Study material ▸
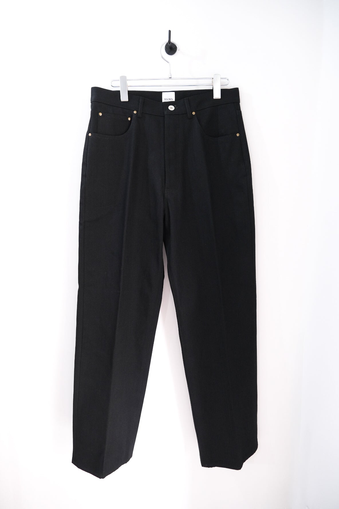 新色のブラックは経緯ともに先染めで黒に染めた濃黒を使用。センタープレスを入れ、よりスラックスライクに着用できる。
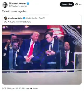 In August, Holmes began making pro-Trump and pro-MAHA posts on X, marking a stunning reversal in her apparent political leanings and the public persona she had previously displayed on the platform. This tweet and those below are a few examples
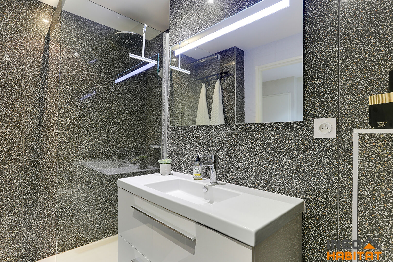 RENNES Anatole France- Dans une résidence de standing de 2015, appartement T4 de 95m² au 5eme étage avec une vue panoramique sur le canal Saint Martin et les immeubles du centre ville. Ce bien de qualité ne nécessite aucun travaux et offre: un hall qui dessert une superbe pièce de vie de 40m² avec terrasse au sud-est, une cuisine équipée, aménagée Leicht séparée par une verrière, 2 chambres, une salle d'eau, une chambre parentale et sa salle d'eau privative, un espace buanderie. Les chambres bénéficient également d'un balcon. L'immeuble bénéficie d'un ascenseur, d'un sous-sol où se trouve le double garage et la cave attachés à l'appartement. L'appartement et ses dépendances sont totalement accessibles. L'immeuble, situé à quelques minutes à pied des Lices se trouve à 160m du Métro Anatole France. Chauffage et eau chaude collective avec compteur. Amateurs de charme et de confort, ce bien vous tend les bras! (3.10 % honoraires TTC à la charge de l'acquéreur.)
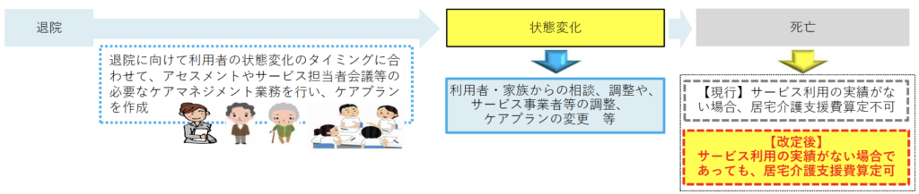 居宅介護支援について、看取り期における適切な居宅介護支援の提供や医療と介護の連携を推進する観点から、居宅サービス等の利用に向けて介護支援専門員が利用者の退院時等にケアマネジメント業務を行ったものの利用者の死亡によりサービス利用に至らなかった場合 に、モニタリングやサービス担当者会議における検討等必要なケアマネジメント業務や給付管理のための準備が行われ、介護保険サービスが提供されたものと同等に取り扱うことが適当と認められるケースについて、居宅介護支援の基本報酬の算定を可能とする 見直しを行う。
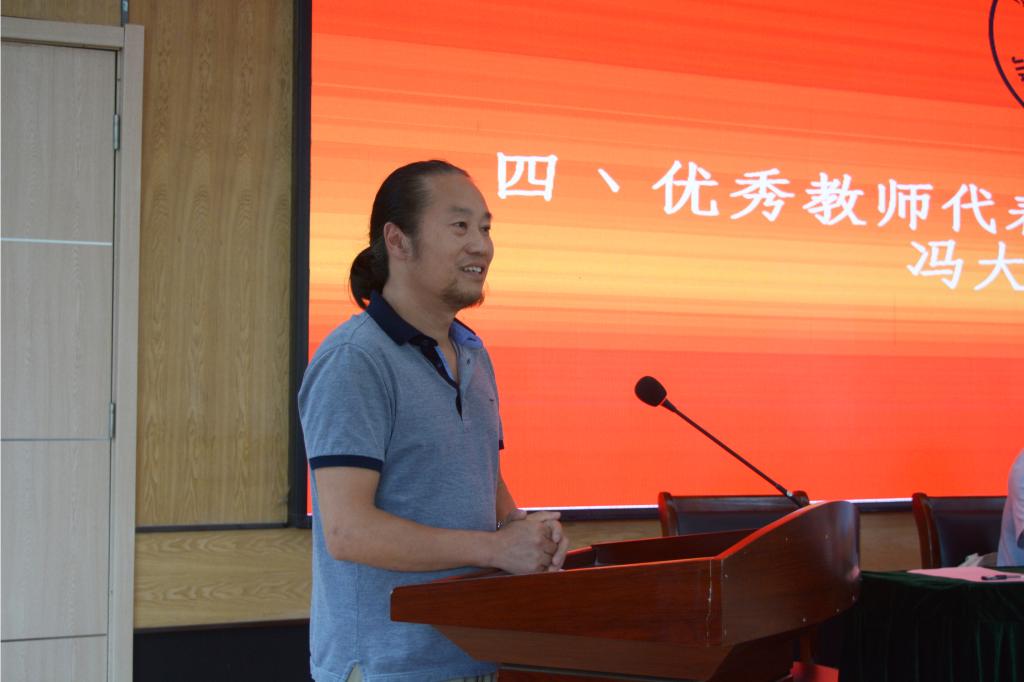 优秀教师代表、艺术基础教研室主任冯大康老师发言。他要求新同学们树立信念,持续努力,认真求学,珍惜时间,未来一定会大有成就。同时也向全体新生保证:“在在艺术学院领导的带领下,每位老师把以德树人作为使命,把帮助学生成材作为自己的根本任务,和同学们一起度过最难忘的四年大学时光!”台下响起阵阵掌声。
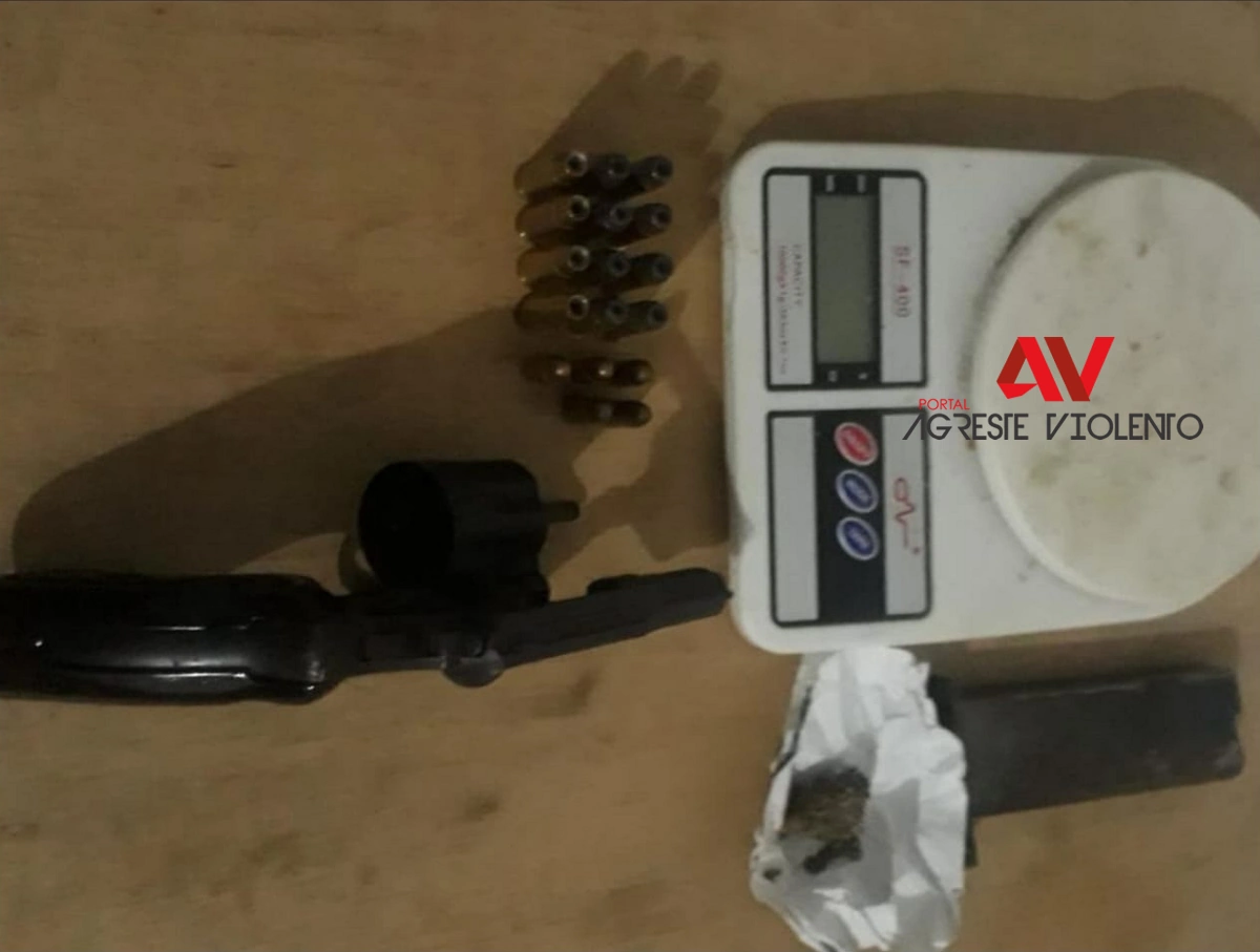 Um revólver calibre 38, munições calibres 38 e 32, uma balança de precisão e maconha, foram apreendidos na casa de um homem suspeito de traficar drogas, no município de São Bento do Una, no Agreste de Pernambuco.
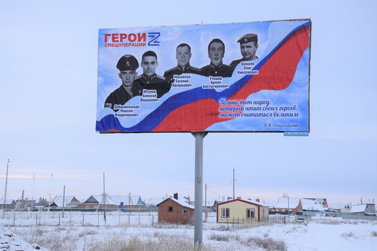 На баннере размещены портреты Олега Бушаева, Максима Добровольского, Евгения Михайлова, Армана Утешева, Алексея Ютукова. Все они выполняли свой воинский долг в зоне специальной военной операции на Украине.
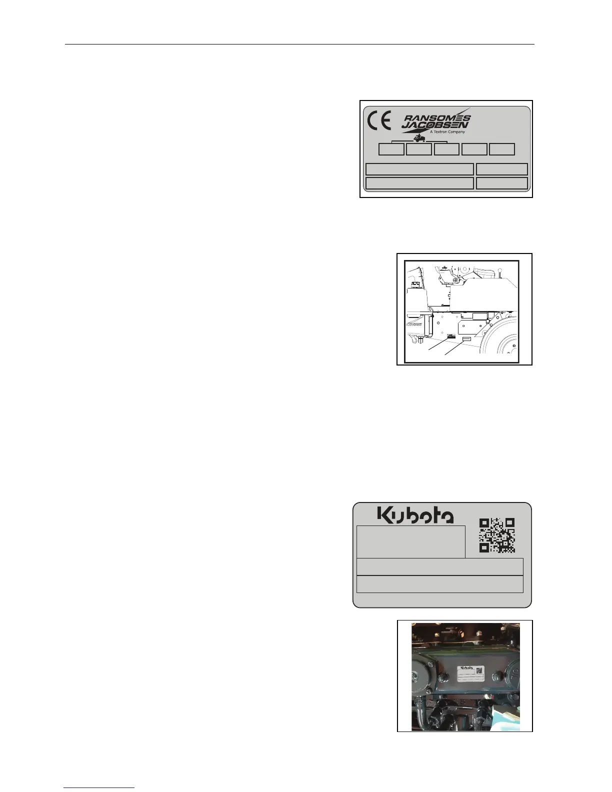 front of the mower. Label shows the engine group and serial number.
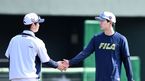 [OSEN=미야자키(일본), 이대선 기자] 6일 일본 미야자키 소켄구장에서 두산 베어스의 스프링캠프가 진행됐다.수비훈련을 마친 두산 박건우가 타격훈련을 마친 서예일을 칭찬하고 있다. /sunday@osen.co.kr
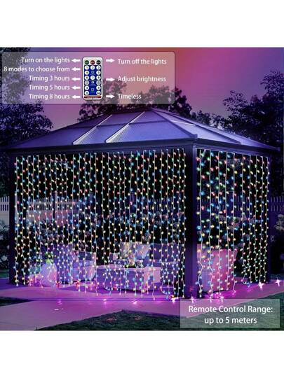 Solar Curtain Lights Remote Control, Outdoor Garden Lights 300 LED 8 Modes Remote Control Waterproof Solar Waterfall Fairy String Lights Decoration For Patio Garden Party Wedding (Multi-Color)
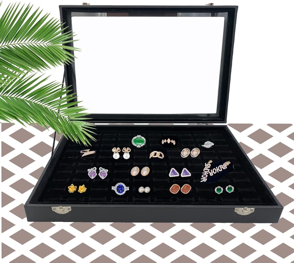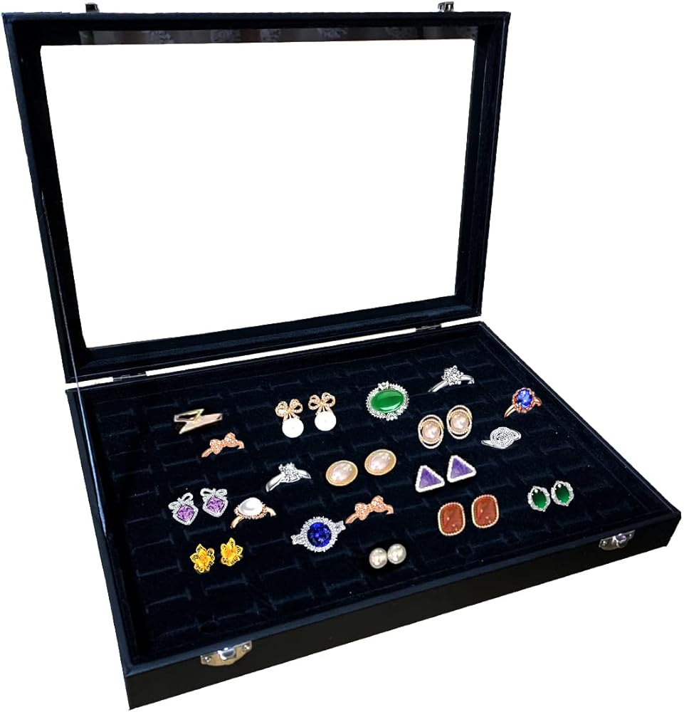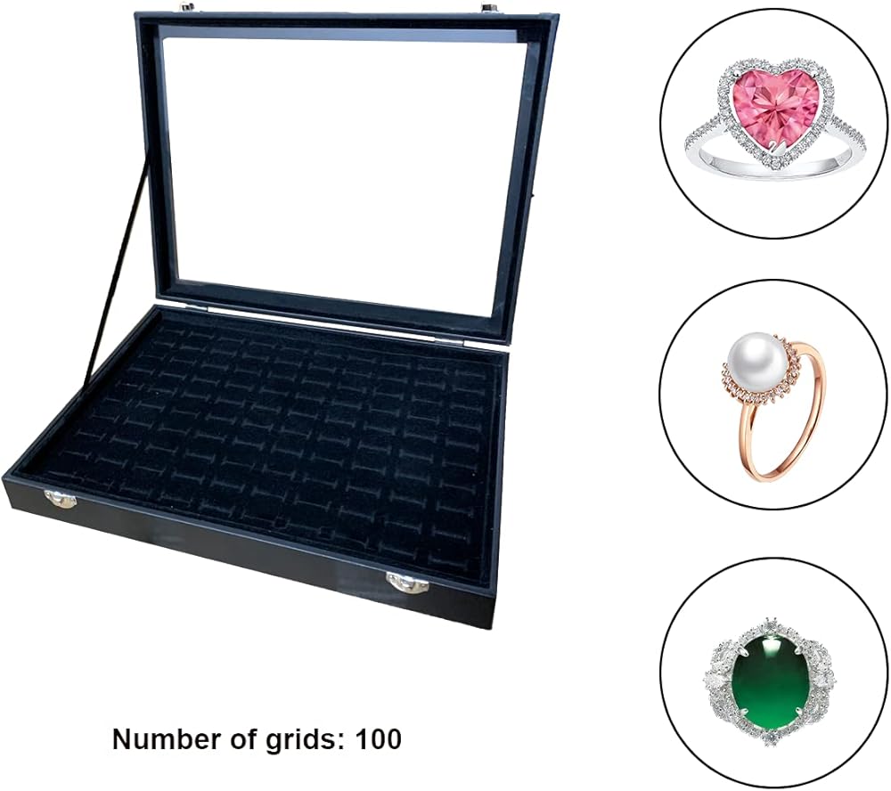 صينية تنظيم المجوهرات بغطاء شفاف، صندوق تخزين الخواتم 100 فتحة مع غطاء شفاف، صندوق تخزين خواتم زجاجي مخملي، صندوق عرض مجوهرات للخواتم المتعددة والأقراط
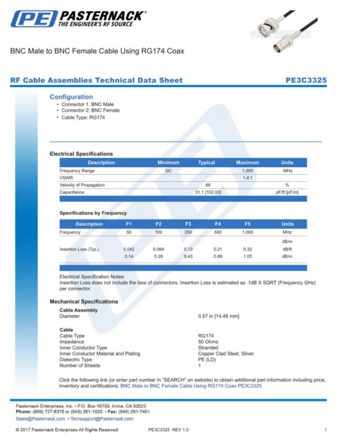 inventory and certifications: BNC Male to BNC Female Cable Using RG174 Coax PE3C3325

Problem details ▸
Print the data again, word for word, without any pictures.

The answer ▸
 新色のブラックは経緯ともに先染めで黒に染めた濃黒を使用。センタープレスを入れ、よりスラックスライクに着用できる。
 In August, Holmes began making pro-Trump and pro-MAHA posts on X, marking a stunning reversal in her apparent political leanings and the public persona she had previously displayed on the platform. This tweet and those below are a few examples
 RENNES Anatole France- Dans une résidence de standing de 2015, appartement T4 de 95m² au 5eme étage avec une vue panoramique sur le canal Saint Martin et les immeubles du centre ville. Ce bien de qualité ne nécessite aucun travaux et offre: un hall qui dessert une superbe pièce de vie de 40m² avec terrasse au sud-est, une cuisine équipée, aménagée Leicht séparée par une verrière, 2 chambres, une salle d'eau, une chambre parentale et sa salle d'eau privative, un espace buanderie. Les chambres bénéficient également d'un balcon. L'immeuble bénéficie d'un ascenseur, d'un sous-sol où se trouve le double garage et la cave attachés à l'appartement. L'appartement et ses dépendances sont totalement accessibles. L'immeuble, situé à quelques minutes à pied des Lices se trouve à 160m du Métro Anatole France. Chauffage et eau chaude collective avec compteur. Amateurs de charme et de confort, ce bien vous tend les bras! (3.10 % honoraires TTC à la charge de l'acquéreur.)
 居宅介護支援について、看取り期における適切な居宅介護支援の提供や医療と介護の連携を推進する観点から、居宅サービス等の利用に向けて介護支援専門員が利用者の退院時等にケアマネジメント業務を行ったものの利用者の死亡によりサービス利用に至らなかった場合 に、モニタリングやサービス担当者会議における検討等必要なケアマネジメント業務や給付管理のための準備が行われ、介護保険サービスが提供されたものと同等に取り扱うことが適当と認められるケースについて、居宅介護支援の基本報酬の算定を可能とする 見直しを行う。
 优秀教师代表、艺术基础教研室主任冯大康老师发言。他要求新同学们树立信念,持续努力,认真求学,珍惜时间,未来一定会大有成就。同时也向全体新生保证:“在在艺术学院领导的带领下,每位老师把以德树人作为使命,把帮助学生成材作为自己的根本任务,和同学们一起度过最难忘的四年大学时光!”台下响起阵阵掌声。
 Um revólver calibre 38, munições calibres 38 e 32, uma balança de precisão e maconha, foram apreendidos na casa de um homem suspeito de traficar drogas, no município de São Bento do Una, no Agreste de Pernambuco.
 На баннере размещены портреты Олега Бушаева, Максима Добровольского, Евгения Михайлова, Армана Утешева, Алексея Ютукова. Все они выполняли свой воинский долг в зоне специальной военной операции на Украине.
 front of the mower. Label shows the engine group and serial number.
 [OSEN=미야자키(일본), 이대선 기자] 6일 일본 미야자키 소켄구장에서 두산 베어스의 스프링캠프가 진행됐다.수비훈련을 마친 두산 박건우가 타격훈련을 마친 서예일을 칭찬하고 있다. /sunday@osen.co.kr
 Solar Curtain Lights Remote Control, Outdoor Garden Lights 300 LED 8 Modes Remote Control Waterproof Solar Waterfall Fairy String Lights Decoration For Patio Garden Party Wedding (Multi-Color)
 صينية تنظيم المجوهرات بغطاء شفاف، صندوق تخزين الخواتم 100 فتحة مع غطاء شفاف، صندوق تخزين خواتم زجاجي مخملي، صندوق عرض مجوهرات للخواتم المتعددة والأقراط
 inventory and certifications: BNC Male to BNC Female Cable Using RG174 Coax PE3C3325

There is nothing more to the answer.